▸ Task requirements: Nothing but the lines from the one containing "Figure 1 illustrates" through the end of the entries below should appear in your answer, transcribed exactly; please drop the pictures.

▸ Input data:
<<<<
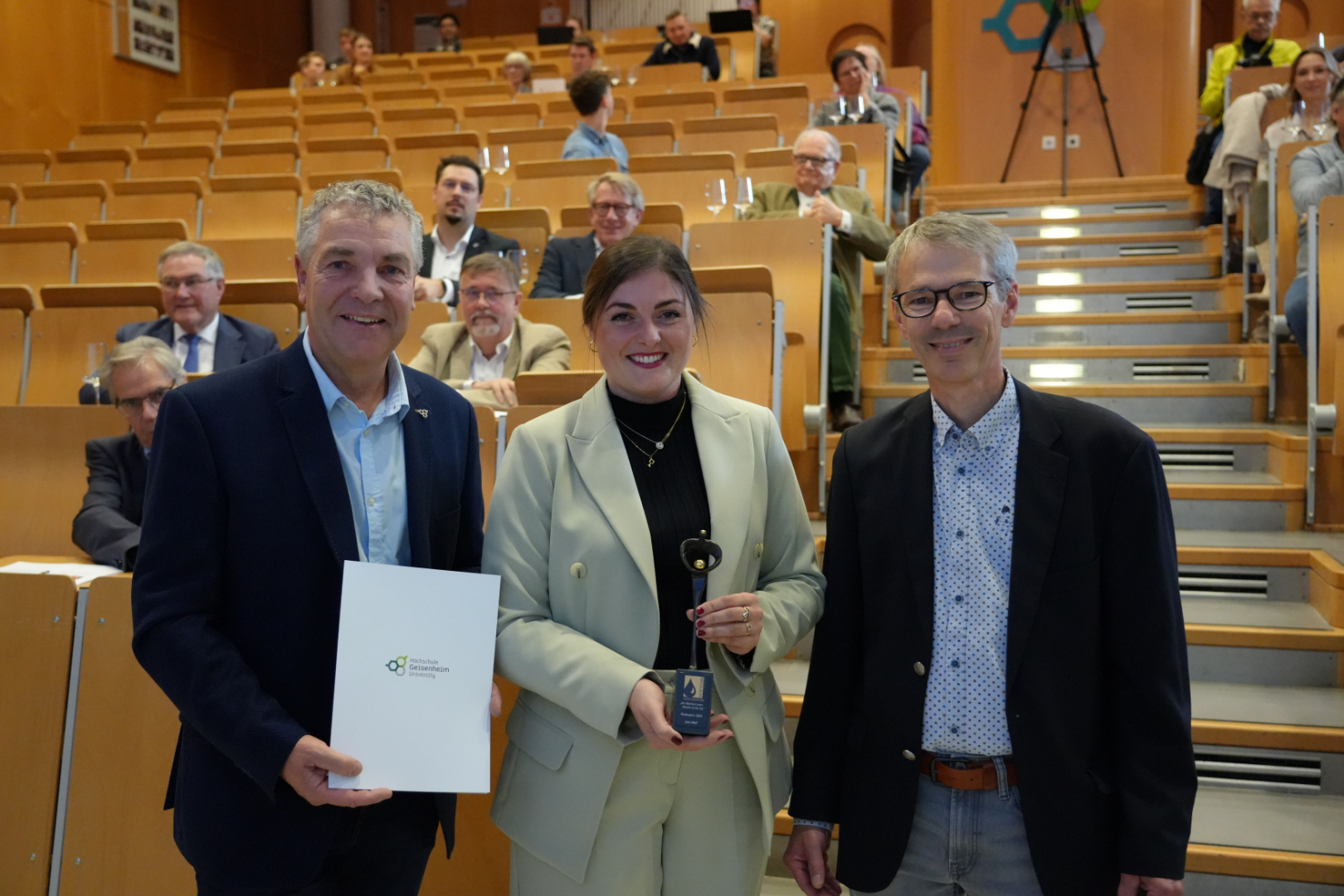 Am 25. Oktober 2024 nahm Julia Wolf die Urkunde und den Pokal feierlich aus den Händen von Dieter Erbslöh und Professor Jung entgegen. Im Anschluss stellte sie ihre Forschungsarbeit vor, ergänzt durch eine sensorische Verkostung. Die Anwesenden hatten die Möglichkeit, die theoretischen Ergebnisse direkt geschmacklich zu erleben. Wolf präsentierte eine Auswahl an Weinen der Weingüter Prinz, Ress, Barth und Kaufmann, um die sensorischen Unterschiede und Herausforderungen der VDP-Klassifikationen zu verdeutlichen.
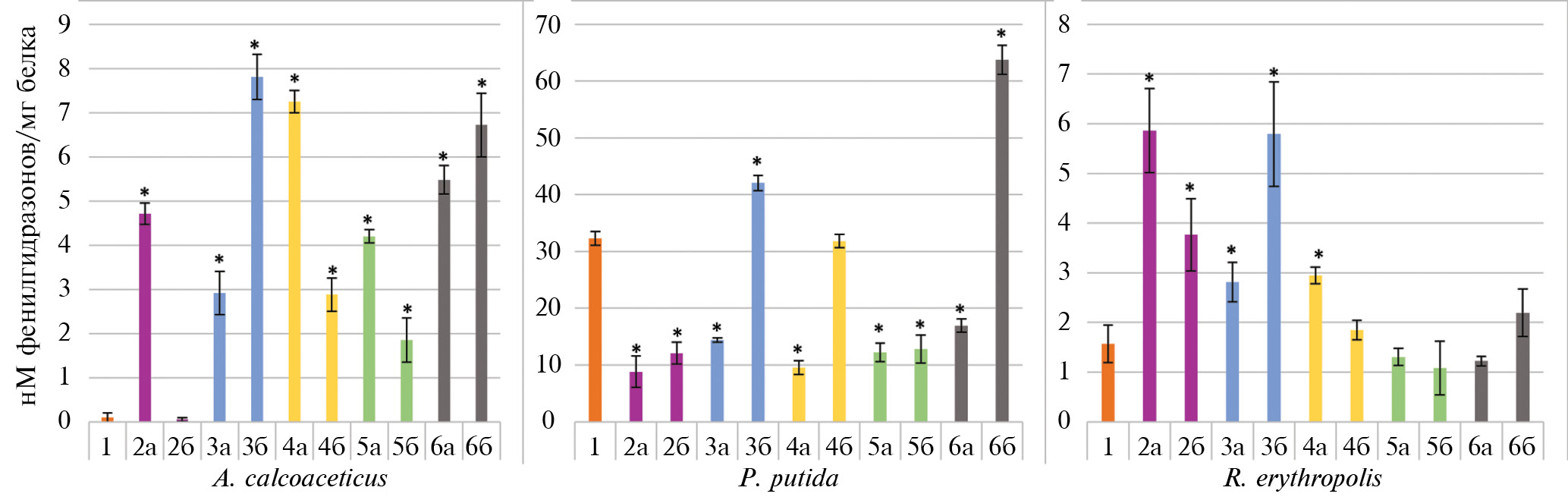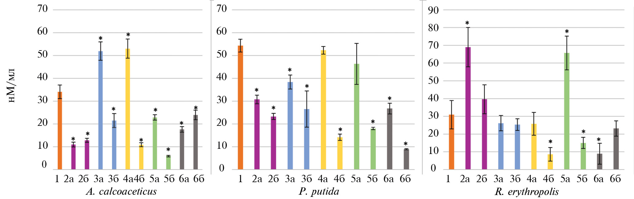 A. сalcoaceticus | P. putida | R. erythropolis | |
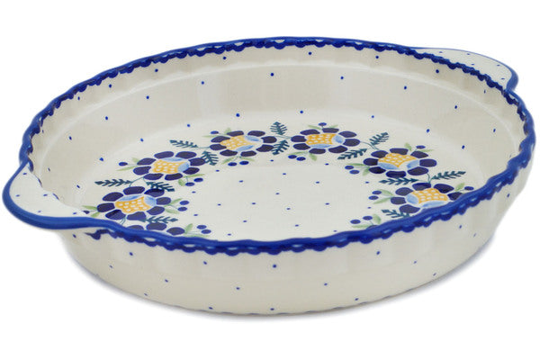 Pie Dish Fluted with Handles 11" Orange And Blue Flower Theme
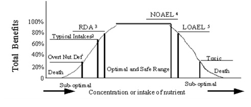 Figure 1 illustrates how, within a wide range of safety, the amount of a nutrient required to achieve optimal benefits in performance and health can be approximated. As the concentrations of nutrient intake increases, different levels of biological function (total benefits) are approached.
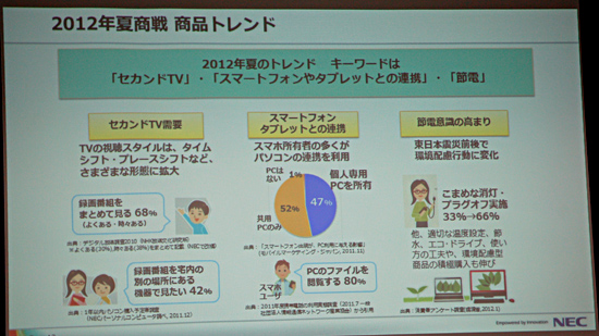 夏PCに搭載した新機能のコンセプトについて、コンシューマPC商品企画本部の栗山浩一本部長は、「『セカンドテレビ』『スマートフォン・タブレットとの連携』『節電意識の高まり』の三つの機能を強化した」と説明した。
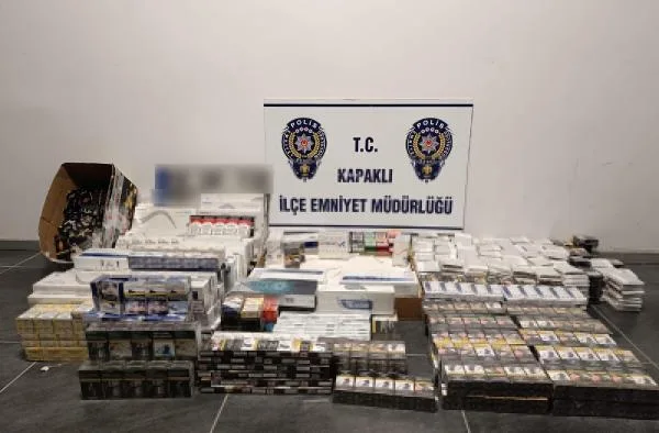 Kapaklı İlçe Emniyet Müdürlüğü Asayiş Büro Amirliği ekipleri, uygulama noktasında şüphe üzerine durdurup aradıkları bir araçta 971 paket kaçak sigara ele geçirdi. Bunun üzerine sürücü S.Y.’nin ev ve iş yerinde yapılan aramalarda da 10 bin dolum sigara, 27 elektronik sigara, 60 paket dolum ve gümrük kaçağı sigara ele geçirdi. Gözaltına alınan S.Y. ile ilgili soruşturma sürüyor. (DHA)
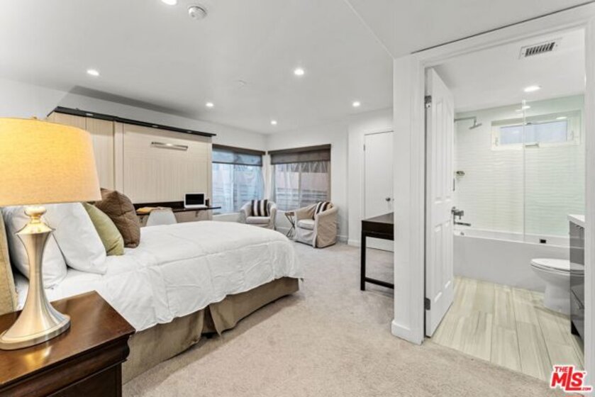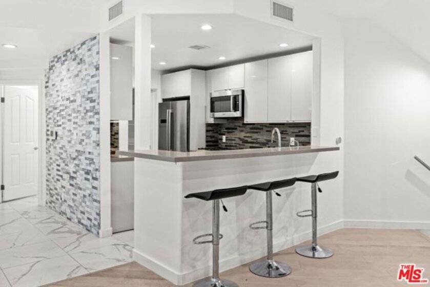 Experience the best of Brentwood living in this beautifully updated tri-level corner townhome. With approx. 1,600 sq.ft. plus a bonus room ideal for a home office or gym.Enjoy direct entry to a private 1-car garage plus 2 additional secured parking spaces, an open-concept floorplan with great natural light, and stylish finishes throughout, including tile and engineered hardwood flooring, recessed lighting, and built-in speakers. Brand new water heater. The remodeled kitchen features Bosch stainless steel appliances, Caesarstone countertops, a breakfast bar, and ample pantry/storage space. Both bedrooms are generously sized with en-suite bathrooms, and the living room and primary suite each offer a granite fireplace for added warmth and charm.All just moments from UCLA, top Brentwood shops, markets, restaurants, cafes, and convenient freeway access.
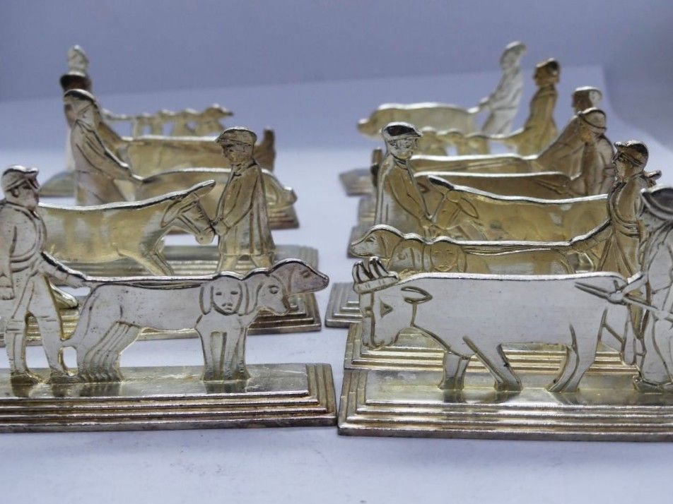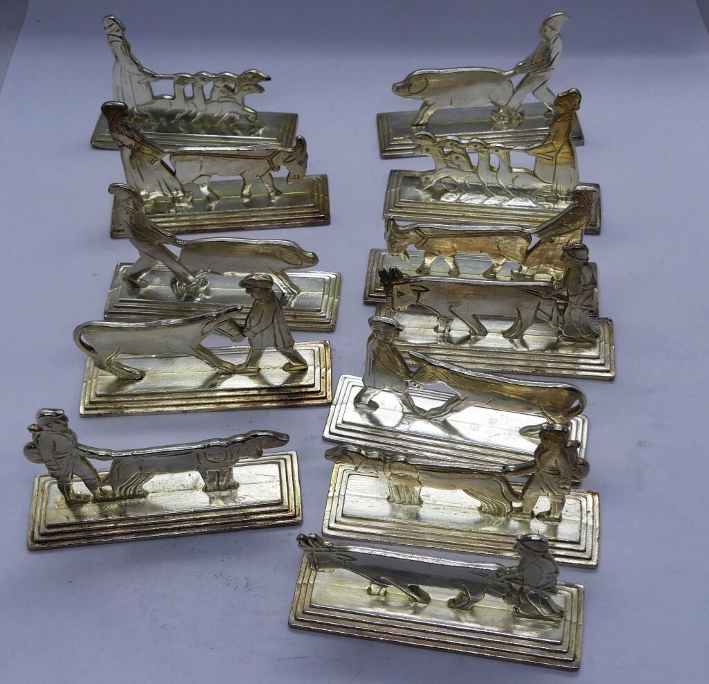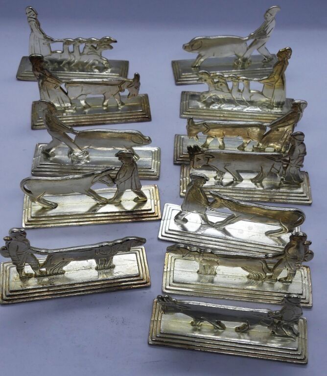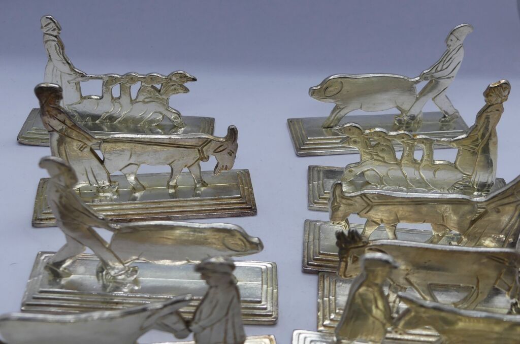 Suite of 12 silver-plated knife-holders depicting a goose keeper, peasants with oxen, a pig and a donkey, and a horn-ringer with a dog.
>>>>
▸ Completed exercise:
 Figure 1 illustrates how, within a wide range of safety, the amount of a nutrient required to achieve optimal benefits in performance and health can be approximated. As the concentrations of nutrient intake increases, different levels of biological function (total benefits) are approached.
 夏PCに搭載した新機能のコンセプトについて、コンシューマPC商品企画本部の栗山浩一本部長は、「『セカンドテレビ』『スマートフォン・タブレットとの連携』『節電意識の高まり』の三つの機能を強化した」と説明した。
 Kapaklı İlçe Emniyet Müdürlüğü Asayiş Büro Amirliği ekipleri, uygulama noktasında şüphe üzerine durdurup aradıkları bir araçta 971 paket kaçak sigara ele geçirdi. Bunun üzerine sürücü S.Y.’nin ev ve iş yerinde yapılan aramalarda da 10 bin dolum sigara, 27 elektronik sigara, 60 paket dolum ve gümrük kaçağı sigara ele geçirdi. Gözaltına alınan S.Y. ile ilgili soruşturma sürüyor. (DHA)
 Experience the best of Brentwood living in this beautifully updated tri-level corner townhome. With approx. 1,600 sq.ft. plus a bonus room ideal for a home office or gym.Enjoy direct entry to a private 1-car garage plus 2 additional secured parking spaces, an open-concept floorplan with great natural light, and stylish finishes throughout, including tile and engineered hardwood flooring, recessed lighting, and built-in speakers. Brand new water heater. The remodeled kitchen features Bosch stainless steel appliances, Caesarstone countertops, a breakfast bar, and ample pantry/storage space. Both bedrooms are generously sized with en-suite bathrooms, and the living room and primary suite each offer a granite fireplace for added warmth and charm.All just moments from UCLA, top Brentwood shops, markets, restaurants, cafes, and convenient freeway access.
 Suite of 12 silver-plated knife-holders depicting a goose keeper, peasants with oxen, a pig and a donkey, and a horn-ringer with a dog.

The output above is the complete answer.